Moyo Sukoluhle, Hefler Marita, Carson-Chahhoud Kristin V, Thomas David P
Menzies School of Health Research, Charles Darwin University, Alice Springs, NT, Australia.
Menzies School of Health Research, Charles Darwin University, PO Box 41096, Casuarina, Darwin, NT, 0811, Australia.
BMC Nurs. 2022 Aug 16;21(1):227. doi: 10.1186/s12912-022-01010-0.
Hospitalisation of a child is a unique opportunity for health staff to offer smoking cessation support; that is screening for carer smoking status, discussing cessation and providing interventions to carers who smoke. This has the potential to reduce the child's exposure to second-hand smoke, and in turn tobacco related illnesses in children. However, these interventions are not always offered in paediatric wards. The aim of this study was to explore the provision and prioritisation of smoking cessation support to patient carers in a paediatric ward with a high proportion of Aboriginal patients and carers in a regional area of Australia's Northern Territory.

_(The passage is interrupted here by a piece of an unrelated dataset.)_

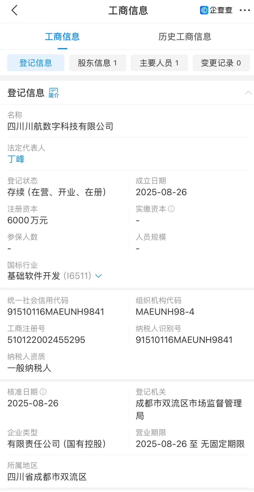 根据企查查平台信息显示,川航股份这家全资子公司于8月26日注册成立。其经营范围包括软件开发、航空商务服务、航空运营支持服务、信息系统运行维护服务、大数据服务、人工智能应用软件开发、软件外包服务、信息系统集成服务、物联网技术研发等。注册地为成都市双流区,与川航物业管理公司同址办公。
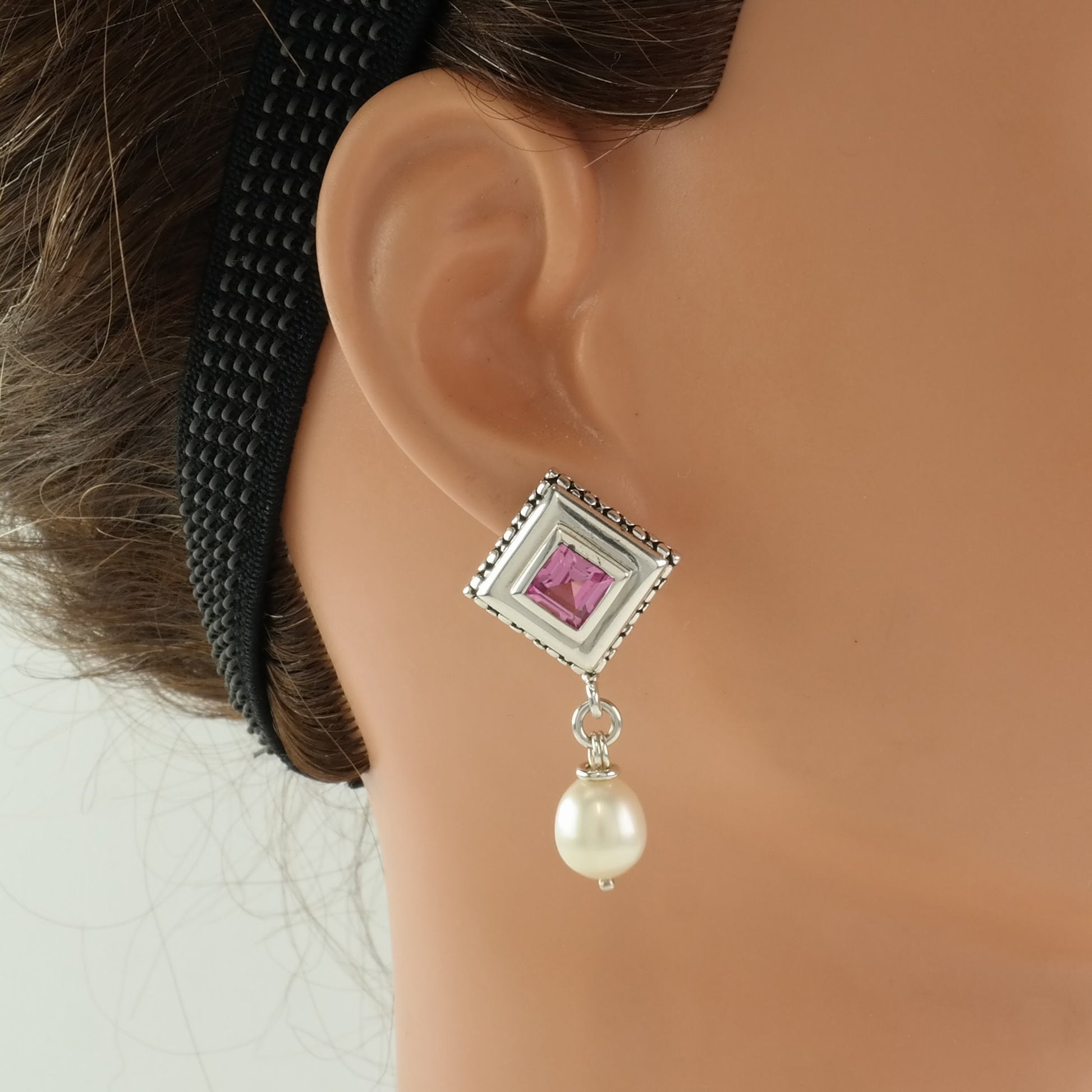 Michael Dawkins Sterling Silver Pink Sapphire, Pearl Earrings Stud

This is a qualitative descriptive study of data collected through semi-structured interviews with 19 health staff. The interviews were audio recorded and transcribed verbatim. Thematic analysis was performed on the transcripts.

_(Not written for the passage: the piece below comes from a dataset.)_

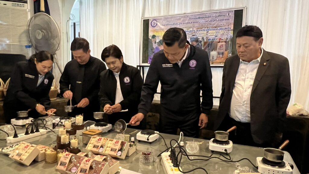 ที่เข้าร่วมการอบรมการสร้างอาชีพ “หลักสูตร การทำเทียนหอมสปา ผ้ามัด ย้อม ตะกร้าสานพลาสติก และดอกไม้จันทน์” ในครั้งนี้ ทักษะที่ได้รับ เช่น การผลิตผลิตภัณฑ์ของใช้ของตกแต่งของที่ระลึก การพัฒนาบรรจุภัณฑ์ การตลาดออนไลน์ การคำนวณต้นทุน-กำไรเบื้องต้นและมาตรฐานผลิตภัณฑ์ชุมชน (มผช.) รายได้เสริมคาดการณ์ต่อครัวเรือน : 1,000 บาท/เดือน ผลทางเศรษฐกิจต่อพื้นที่ “รายได้เฉลี่ยชุมชนเพิ่มขึ้น 300,000 บาท/เดือน พร้อมเข้าสู่ช่องทางตลาด ทั้งออฟไลน์-ออนไลน์ คาดเพิ่มมูลค่าผลิตภัณฑ์ชุมชนรวมไม่ต่ำกว่า 3,600,000 ล้านบาท/ปี” นอกจากได้เรียนรู้ทักษะใหม่แล้ว ยังเกิดการปลดล็อคแนวความคิดเปิดมุมมองในการประกอบอาชีพเสริมด้วยการนำวัตถุดิบในท้องถิ่นมาเพิ่มมูลค่าด้วย ภูมิปัญญา และวัฒนธรรมในท้องถิ่นมาสร้างเป็นผลิตภัณฑ์ในขณะเดียวกัน นอกจากนี้ยังมีการนำผู้ประกอบการต้นแบบที่ประสบความสำเร็จ จากการทำธุรกิจมาร่วมจัดแสดงผลิตภัณฑ์ ผลการดำเนินการที่ผ่านมาเพื่อเป็นแรงบันดาลใจ รวมทั้งอำนวยความสะดวกการให้บริการปรึกษาแนะนำและวิเคราะห์ปัญหาการประกอบธุรกิจเบื้องต้น ผ่านศูนย์ปฏิรูป อุตสาหกรรม (ITC) ธนาคารพัฒนาวิสาหกิจขนาดกลางและขนาดย่อมแห่งประเทศไทย และสำนักงาน วิสาหกิจขนาดกลางและขนาดย่อม (สสว.) อีกด้วย

We found low prioritisation of addressing carer smoking due to, a lack of systems and procedures to screen for smoking and provide quitting advice and unclear systems for providing more detailed cessation support to carers. Staff were demotivated by the lack of clear referral pathways. There were gaps in skills and knowledge, and health staff expressed a need for training opportunities in smoking cessation.
Health staff perceived they would provide more cessation support if there was a systematic approach with evidence-based resources for smoking cessation. These resources would include guidelines and clinical record systems with screening tools, clear action plans and referral pathways to guide clinical practice. Health staff requested support to identify existing training opportunities on smoking cessation.

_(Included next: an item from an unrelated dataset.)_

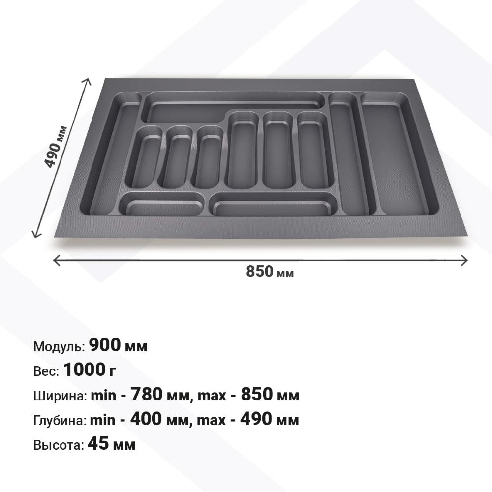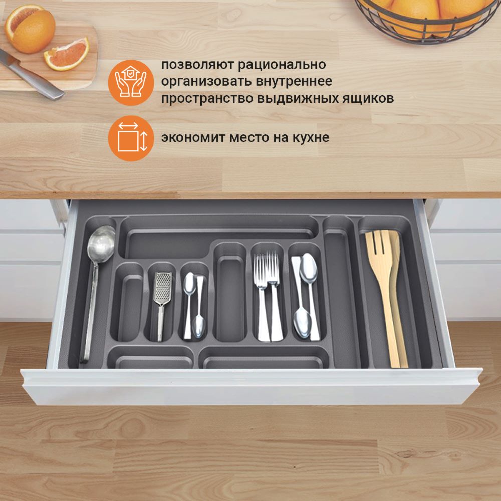Лотки для столовых приборов EVA позволяют рационально организовать внутреннее пространство выдвижных ящиков. Цвета: серый и белый глянец. Для ящиков шириной 900 мм.

儿童住院是医护人员提供戒烟支持的独特契机;即筛查照顾者的吸烟状况、讨论戒烟事宜并为吸烟的照顾者提供干预措施。这有可能减少儿童接触二手烟的机会,进而降低儿童患烟草相关疾病的风险。然而,儿科病房并非总是提供这些干预措施。本研究的目的是探讨在澳大利亚北领地某地区一家原住民患者及照顾者比例较高的儿科病房,为患者照顾者提供戒烟支持的情况及优先次序。
这是一项定性描述性研究,通过对19名医护人员进行半结构化访谈收集数据。访谈进行了录音并逐字转录。对转录文本进行了主题分析。
我们发现,由于缺乏筛查吸烟情况及提供戒烟建议的系统和程序,以及为照顾者提供更详细戒烟支持的系统不明确,导致对照顾者吸烟问题的重视程度较低。缺乏明确的转诊途径使工作人员积极性受挫。存在技能和知识方面的差距,医护人员表示需要获得戒烟方面的培训机会。
医护人员认为,如果有一个系统的方法,配备基于证据的戒烟资源,他们会提供更多的戒烟支持。这些资源将包括带有筛查工具的指南和临床记录系统、明确的行动计划以及指导临床实践的转诊途径。医护人员请求获得支持以确定现有的戒烟培训机会。